There (are) links and you can see how it all comes together, but we've never marketed it as broad as it can be.

Q: How has the role of technology evolved in convention planners' lives?

A: You can either be in control or out of control with technology. It can either work for you or you work for it. I think there have been magnificent tools created to help us be more efficient and professional and move faster within the industry.

But, you can also get bogged down in this and that, ... (and) face-to-face relationship building is also still critical. I don't believe technology is going to take over what we do, it's just there to help us to be better, faster and more efficient.

Q: You said at the 2007 annual meeting in Toronto that PCMA would not hold its annual meeting in a venue that didn't have certain green standards. How has that played out?

A: Beautifully. In fact, obviously, we had great opportunities (in 2008) in Seattle to work with the bureau and (the Washington State Convention & Trade Center) and to continue with our greening initiative.

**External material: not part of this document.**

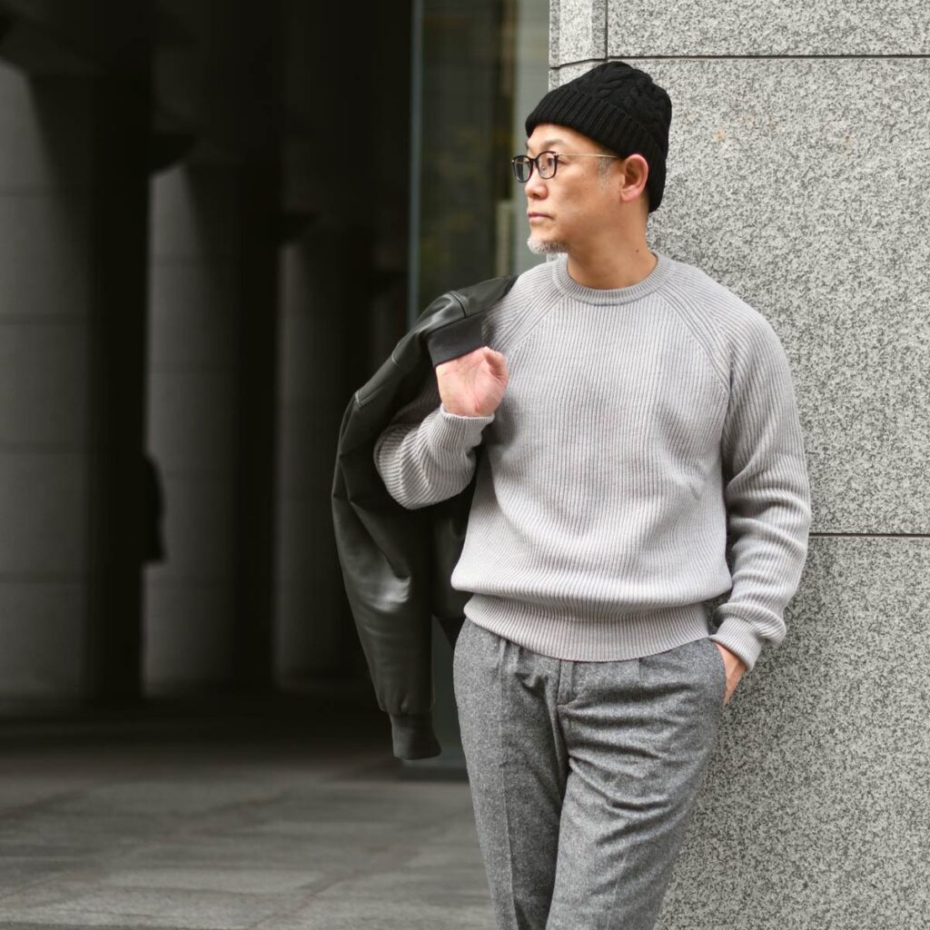 インナーはMORGANO【モルガーノ】のリブ編みクルーネックニット。

It is written into our RFPs. There are minimum standards, and they are minimum I will tell you, as far as recycling and things of that nature that must, must be in place at any center that we go to or we won't consider them.

 

Deborah Sexton

Title: President and CEO, Professional Convention Management Assn.

Career path: Sales positions at the Coastal Hotel Group, Sonesta Intl. Hotels, the Hyatt Regency Chicago and the Midland Hotel, as well as headed up Sexton Hospitality Services before moving to the Chicago Convention & Tourism Bureau in 1994 and then PCMA in 2005.